# What to do:
The lines below, from the one containing "El Presidente Municipal" through the one containing "跨境托特包女2025新款大容量通勤包包秋季感百搭单肩包简约上课包", should be set down exactly, with no pictures and nothing else.
START Data for this exercise
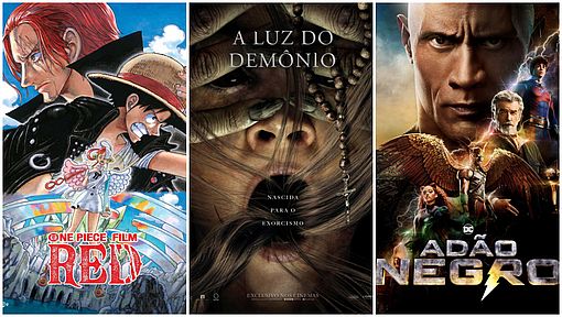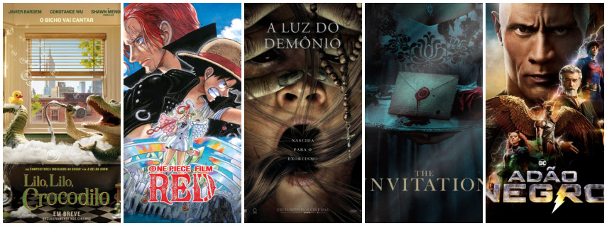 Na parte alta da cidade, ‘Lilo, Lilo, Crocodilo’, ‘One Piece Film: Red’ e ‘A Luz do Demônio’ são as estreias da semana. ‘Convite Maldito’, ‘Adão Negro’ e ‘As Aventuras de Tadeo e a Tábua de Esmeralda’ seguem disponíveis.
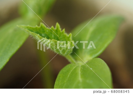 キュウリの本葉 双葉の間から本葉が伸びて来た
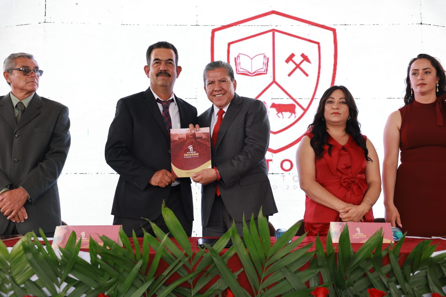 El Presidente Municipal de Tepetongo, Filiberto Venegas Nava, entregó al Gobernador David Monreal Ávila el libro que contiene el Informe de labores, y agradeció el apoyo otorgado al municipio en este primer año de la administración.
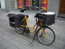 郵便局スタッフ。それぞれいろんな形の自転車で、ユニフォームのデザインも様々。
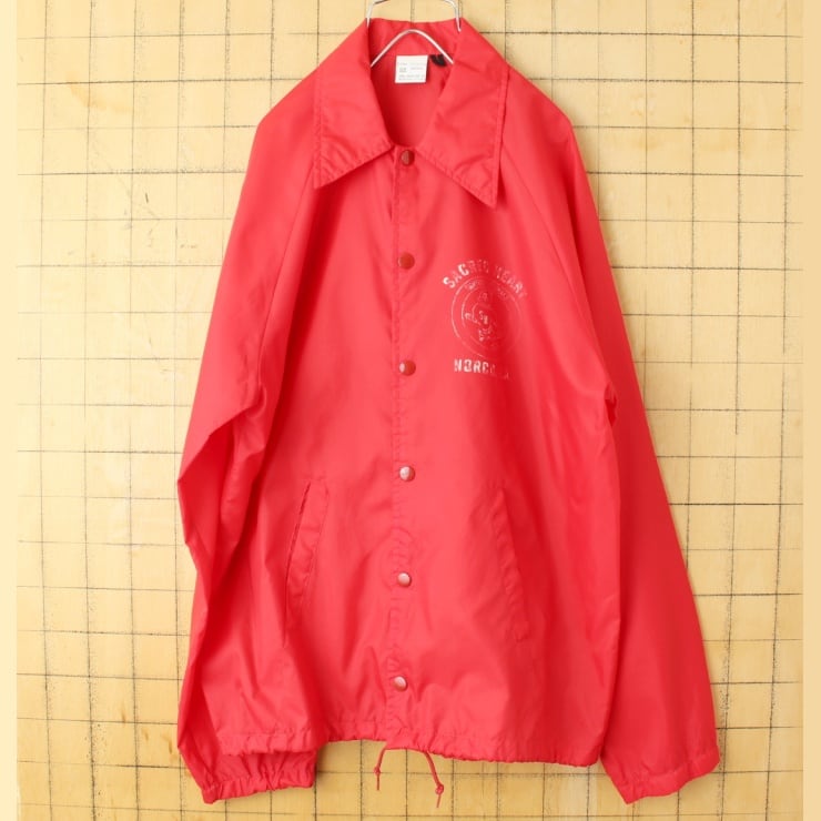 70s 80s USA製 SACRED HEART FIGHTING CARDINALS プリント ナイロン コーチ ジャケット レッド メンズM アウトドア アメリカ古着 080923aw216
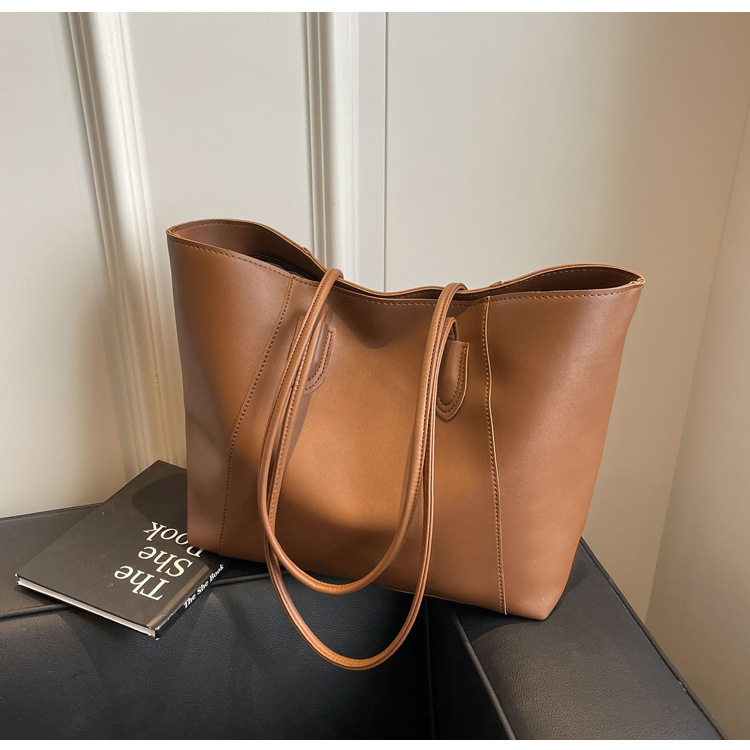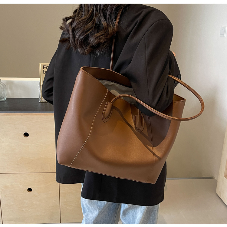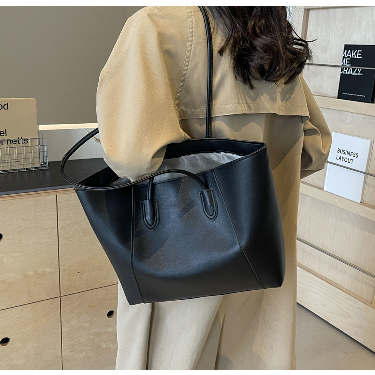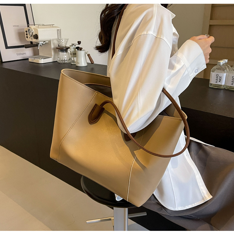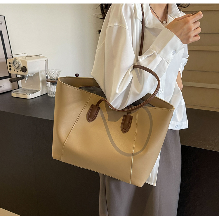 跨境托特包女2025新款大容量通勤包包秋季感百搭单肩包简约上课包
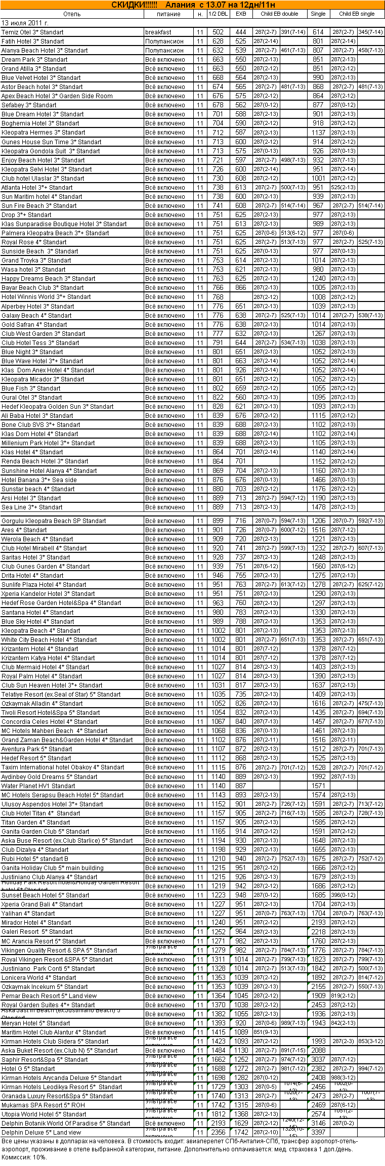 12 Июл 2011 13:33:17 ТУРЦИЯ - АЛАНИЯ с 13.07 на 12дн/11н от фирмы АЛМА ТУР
END Data for this exercise
# Result:
 El Presidente Municipal de Tepetongo, Filiberto Venegas Nava, entregó al Gobernador David Monreal Ávila el libro que contiene el Informe de labores, y agradeció el apoyo otorgado al municipio en este primer año de la administración.
 郵便局スタッフ。それぞれいろんな形の自転車で、ユニフォームのデザインも様々。
 70s 80s USA製 SACRED HEART FIGHTING CARDINALS プリント ナイロン コーチ ジャケット レッド メンズM アウトドア アメリカ古着 080923aw216
 跨境托特包女2025新款大容量通勤包包秋季感百搭单肩包简约上课包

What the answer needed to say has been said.